The agent performed very good in all the use cases. But the tokens were consumed very fast :-) ! We have reached a solution; however, it exceeded the anticipated budget. So, we searched for an alternative one. Can an open-source LLM achieve the performance of Open AI’s models and offer the same Function Calling feature at a comparable performance?

We have tested Llama2–7b-chat and gorilla-openfunctions-v1 models. The second one is fine-tuned for the specific usage (API calling). They both had a decent performance. It proved really hard to make Llama2 return structured responses, but the gorilla model was quite consistent at this. Llama2 was better in inference, gorilla had problem with the tricky cases, but both of them were lacking a lot the performance we had with Open AI. So, we were a bit disappointed.

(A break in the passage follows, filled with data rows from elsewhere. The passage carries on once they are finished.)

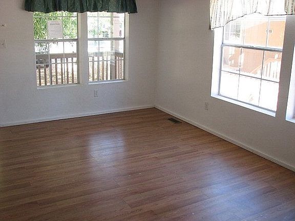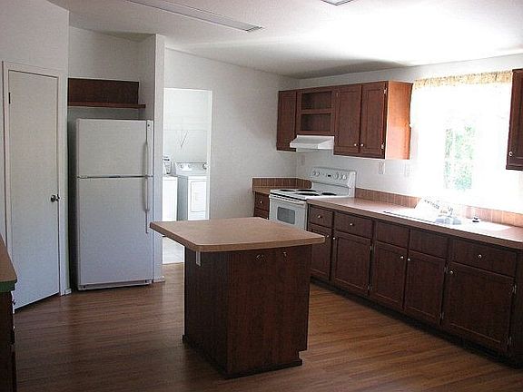 Two beautiful willow trees in front yard and a covered porch welcome you to a light & bright home; Open concept home offers low maintenance laminate wood flooring and natural light from multiple windows; Large kitchen with an island, lots of counter space, nice cabinets, refrigerator, & walk-in pantry; Dining room to accommodate oversize table;Master bedroom with walk-in closet and master bath with dual vanities & additional closet; Large laundry includes washer & dryer, and access to deck; Home is clean and move-in ready.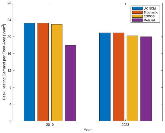Figure 9. Hourly peak heating demand as estimated by the building model populated with standard-based (UK NCM) occupancy schedules, stochastic occupancy model, and energy-data-driven occupancy schedules (EDDOSs), compared with metered heating energy in years 2019 and 2023.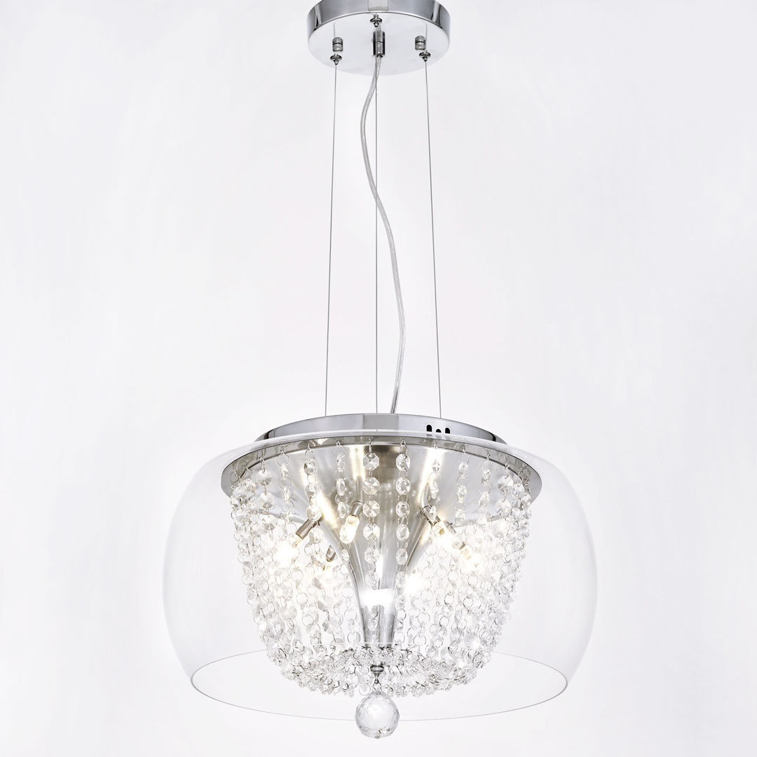 Nowoczesna, sufitowa, przeźroczysta lampa wisząca wykonana ze szkła, kryształu najwyższej jakości oraz metalu. Dostępna w dwóch rozmiarach o średnicy 40 lub 50 cm. Obie wersje pokazane są na zdjęciach.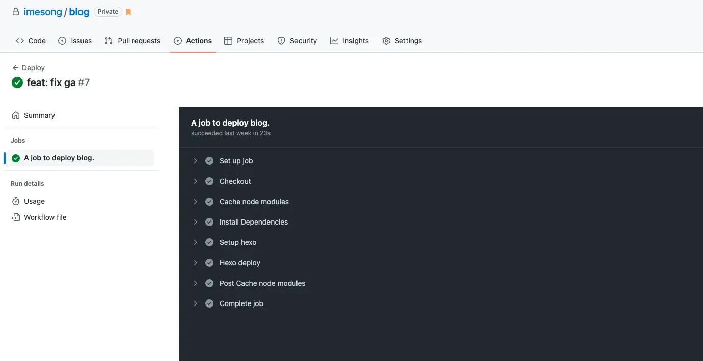 完成之后,编辑 blog ,push 之后查看 github action 执行情况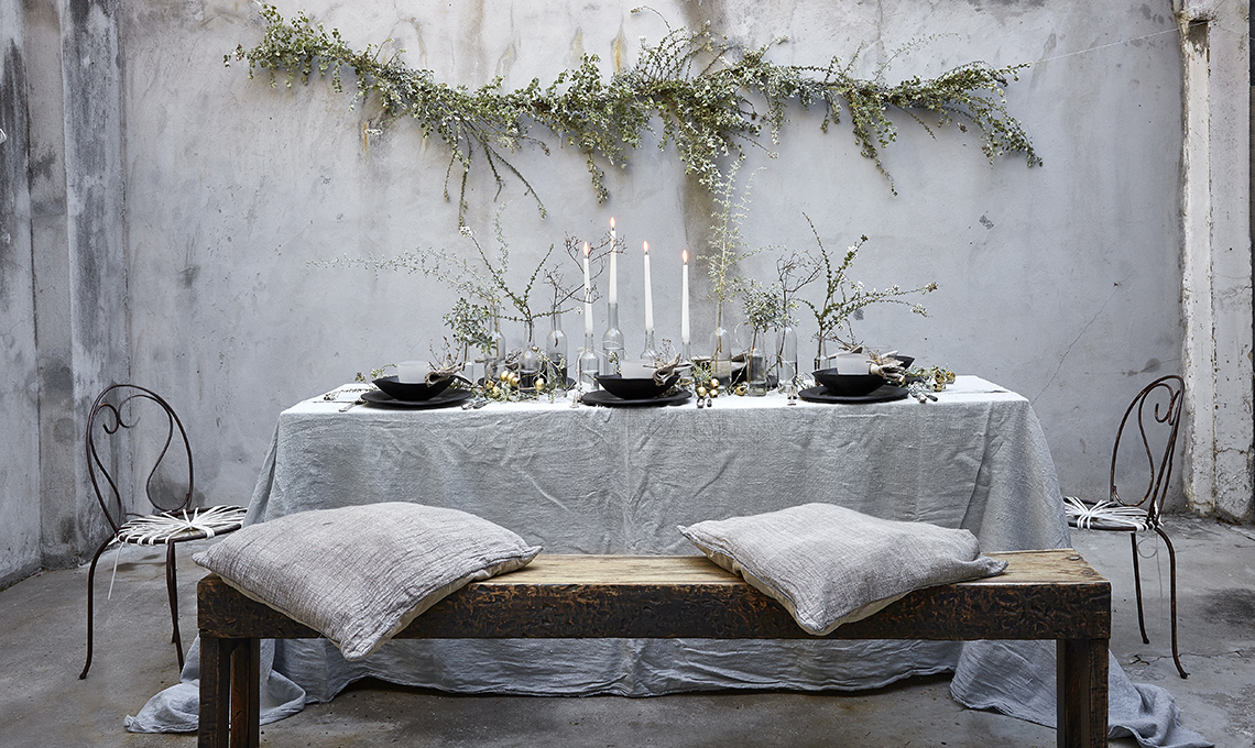 La bellezza naturale del lino sta anche nelle pieghe che regalano calore alla tovaglia e aggiungono un mood informale alla tavola. Per un effetto scenografico scegli una tovaglia abbastanza lunga da arrivare fino a terra.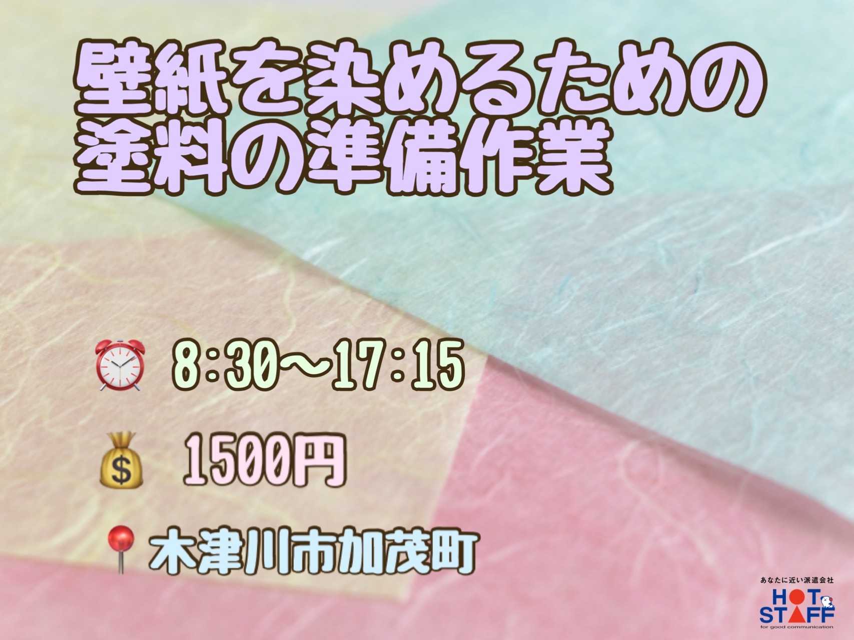 高時給1500円/駅チカ・未経験OK・土日祝休み/壁紙を染めるインクの準備をお願いします★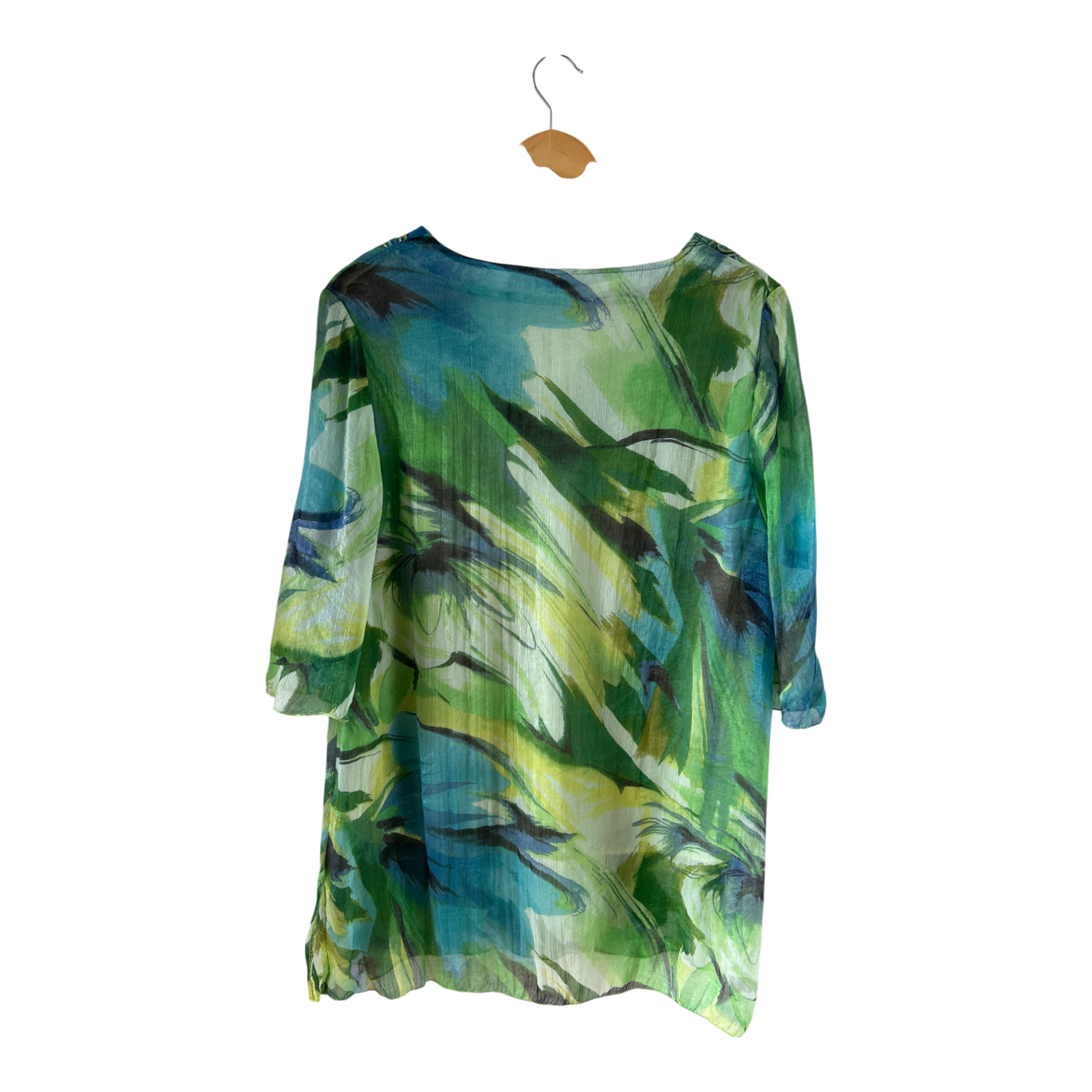 Eder Tunika XXL grün blau mit Stickerei Seidenanteil gefüttert 3/4 Arm elegant

It was then that Intel announced its neural-chat-7b-v3–1 LLM, a fine-tune of mistralai/Mistral-7B-v0.1, which had scored extremely well in several reasoning benchmarks. Mistral-7b stands out as the top-performing model with fewer than 30 billion parameters, surpassing numerous larger models across various benchmarks. So, this fine-tune seemed very interesting and promising, and we decided to give it a try.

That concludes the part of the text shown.